Commentary

Getting played

The telltale heart-rate data/ADN-ProPublica

 

New analysis

The supposedly objective evidence an Anchorage Daily News-ProPublica story posits as proof that the late Alaska Lt. Gov. Byron Mallott traumatized the former director of law enforcement for the Fairbanks-based Tanana Chiefs Conference doesn’t appear to show what those news organizations claim it does.

They report a “spike” in the heart rate of former director Jody Potts shows she was deeply troubled when the married Democrat two years ago told her that, according to her story, “ever since I met you. I’ve been physically attracted to you, and I hope that’s reciprocated.”
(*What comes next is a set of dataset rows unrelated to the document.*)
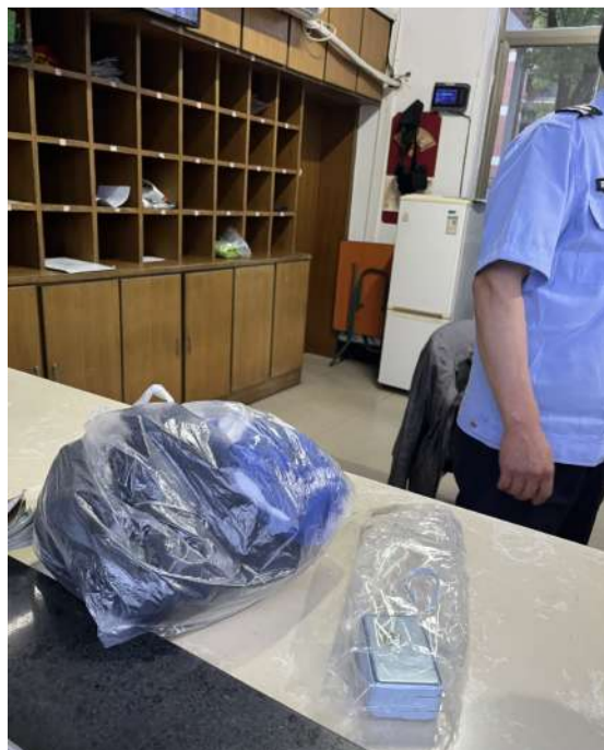
@清水 做好事就是心里很开心

我得学着释然,姐姐也算给我上了一课!人生很长,凡事皆有可能,努力的痕迹终将会在某一天爆发!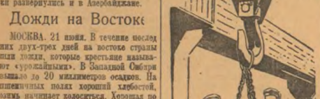
Центы для работ по постройке второй очереди Московского метро.

ВНЕД. 20 июня. В работе промышленности большие перспективы. Открыты новые залежи угля на Урале.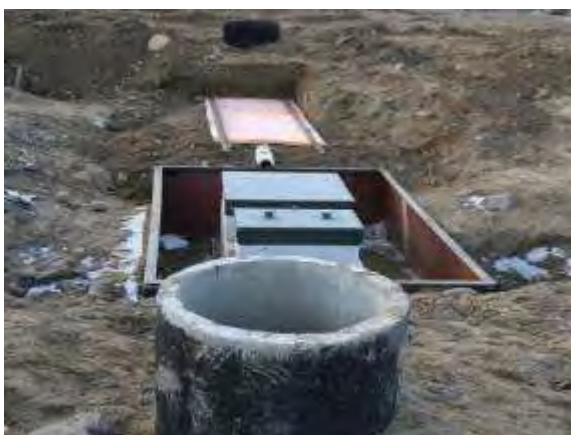
Фото 10 Канализационный колодец подвода системы ТОПАЭРО 9

Представители подрядчика – исполнителя работ провели инструктаж и консультации для работников заповедника, назначенных ответственными за работу очистной станции.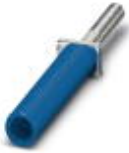
Prüfsteckerbuchse, Farbe: blau

Prüfsteckerbuchse - PSBJ-URTK/S BU - 0311757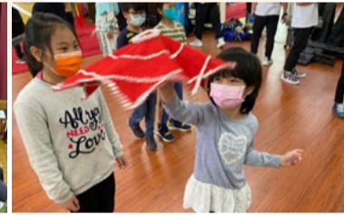
20220331 新竹竹東國小「緣定三生」戲曲欣賞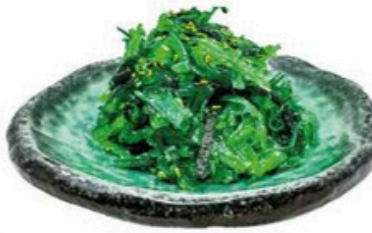
2. Goma Wakame 4,50€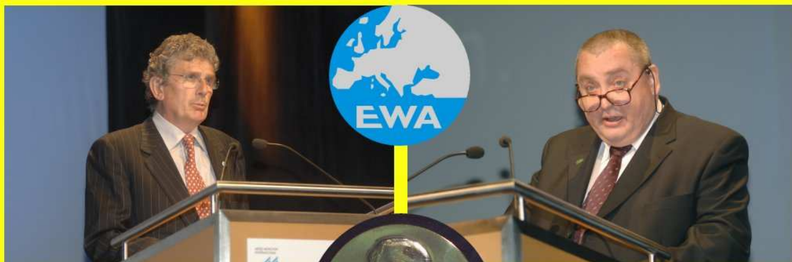
Laudatio, President EWA Cook Munich, 4 May 2008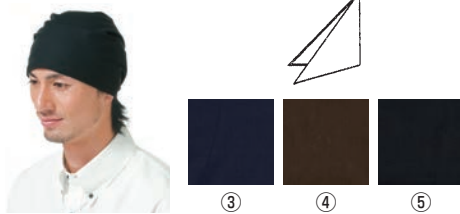
三角巾 ③ ④ ⑤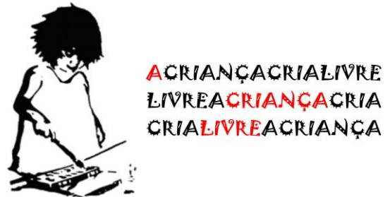
Figura 1 Imagem produzida pela cooperativa produzindo sem patrão.

Iniciamos esse tópico afirmando que temos muito que aprender com as crianças, infelizmente estamos amarradas com as cordas do adultocentrismo nos impedindo de observar, sentir, viver sua extraordinária forma de ser, ou seja, de construir conhecimento, cultura. Abrimos com essa introdução para descrever um diálogo que tivemos com uma criança (nove anos) nesse projeto, que revelou a expressão do seu desejo.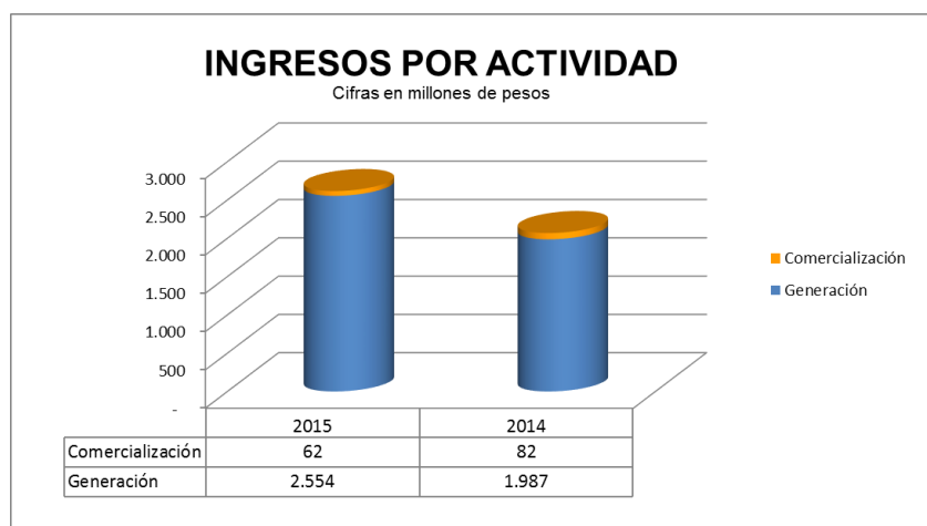
Figura 1 Ingresos por Actividad

Los ingresos operacionales corresponden a las actividades de comercialización y generación, estos para diciembre de 2015 fueron de $2.789 millones, presentando un aumento del 24.45% con respecto a diciembre de 2014, su detalle es mostrado en la siguiente tabla.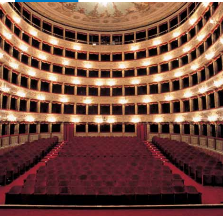
Θέατρο Argentina - Ρώμη. Μοκέτα Liuni τοποθετημένη με Adesilex V4

Οι επιφάνειες πρέπει να είναι στεγνές, απορροφητικές, επίπεδες, με μηχανικές αντοχές, απαλλαγμένες από σκόνη, χαλαρά μέρη, ρωγμές, βερνίκια, κεριά, λάδια, σκουριές, ίχνη γύψου και άλλα προϊόντα που μπορούν να επηρεάσουν τη συγκόλληση.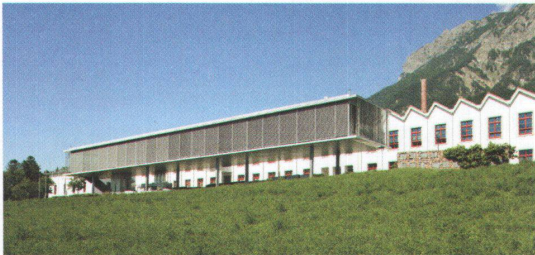
^ In der früheren Baumwollspinnerei Spoerri wird heute Architektur und Wirtschaft gelehrt.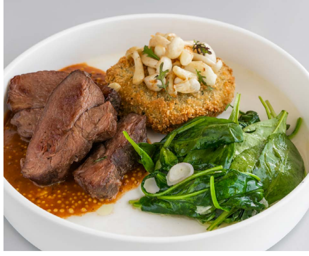
Biodrówka jagnięca Lamb hip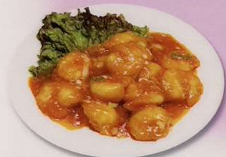
エビチリ (小) 780円 (大) 1080円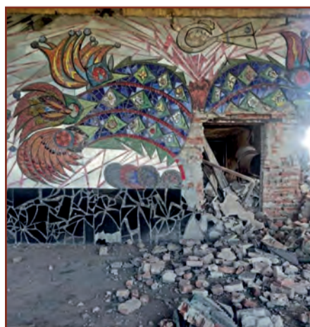
Рис. 6. Мозаїчне панно «Дерево життя» після руйнування.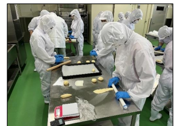
小麦農林10号を用いたパン製造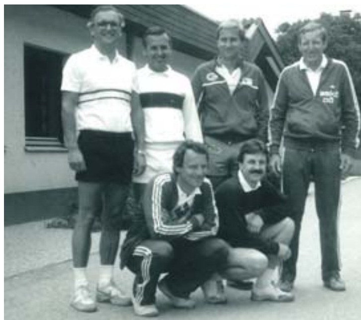
1978 etablierte sich ein Verein der Tennisfreunde.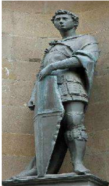
تمثال القديس جورج.

يعتبر من أشهر نحّاتي النهضة المبكرة وكان موهوباً، وتعود موهبته إلى ابتكار أسلوب لا يخضع لتقاليد الفن القديم، وإنما يأخذ أحسن ما فيها ليدمجها في طابعه الذاتي الذي يعكس صفاته المميزة . فكان أول الفنانين الذين نبذوا الطراز الغوطي بعد عودته من روما، واتجه إلى تأييد الحركة الجديدة التي تهدف إلى الاهتمام بدراسة الإنسان، وتظهر في أعماله ابتكارات جديدة أهمها الإحساس بالواقعية والدقة في المحاكاة 1 ، وقد تبدو طبيعة دوناتللو في محاولة بعث الحياة في نماذج مثالية فلورنسية، ميرزا العضلات والتعبير عن قوة الأشخاص من قمة الرأس حتى أخمص القدمين، وقد أبدع دوناتللو بنحت الأطفال، والشخصيات النصفية، ويعد أول من ابتدع التماثيل النصفية في عصر النهضة، ومن أشهر تماثيله تمثال " القديس جورج"، وتمثال " داوود ينتصر على جوليات"، و"القديسة العذراء والطفل" الذي نحتته من الخشب 2 .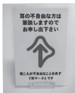
役場窓口の耳マーク

現在、総合窓口には「耳マーク」を掲示していますが、各課の窓口にも「筆談希望」のプレートを早急に設置します。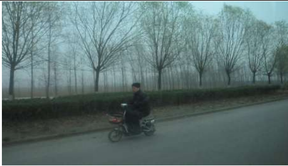
修武縣臺灣農民創業園尚未開發區

A screenshot of the heart-rate data, however, displays not one but two points of elevation, and neither would constitute a spike for an athlete seriously training for Ironman triathlon as Potts was at the time. The 115 beats per minute maximum shown on the screenshot of Potts’ monitor would correspond to a Zone 1 training level on the five-zone system for heart-monitor training.

Polar, a major manufacturer of heart-rate watches and heart monitors, describes the “intensity” of Zone 1 as  “very light.” It corresponds to a walk and is what serious athletes would consider “recovery training” after real, heart-stressing workouts.

Most noticeable, however, is there are two – not one – of these elevations in Potts’ heart-rate data. The thumb-size screengrab used by ADN/ProPublica makes it difficult to determine when exactly they occur, but the first clearly comes before 4 p.m., when Potts heads for a meeting with Mallott in an upscale Anchorage hotel, and the second comes near 5 p.m., possibly when she leaves the hotel.

The compression of the heart rate data over a 20-hour time period makes it impossible to tell the exact timing of the two peaks or how quickly they rise from Potts’ normal, daily heart rate of from  65 to around 100 beats per minute (bpm).

A downtown stroll?

The account of the day Potts provided ADN-ProPublica (she has not responded to a request for an interview with this website) says that she was at a meeting of Walker’s advisory council on tribal relations at the Atwood Building downtown in the state’s largest city when Mallott invited her to his hotel room in October 2018.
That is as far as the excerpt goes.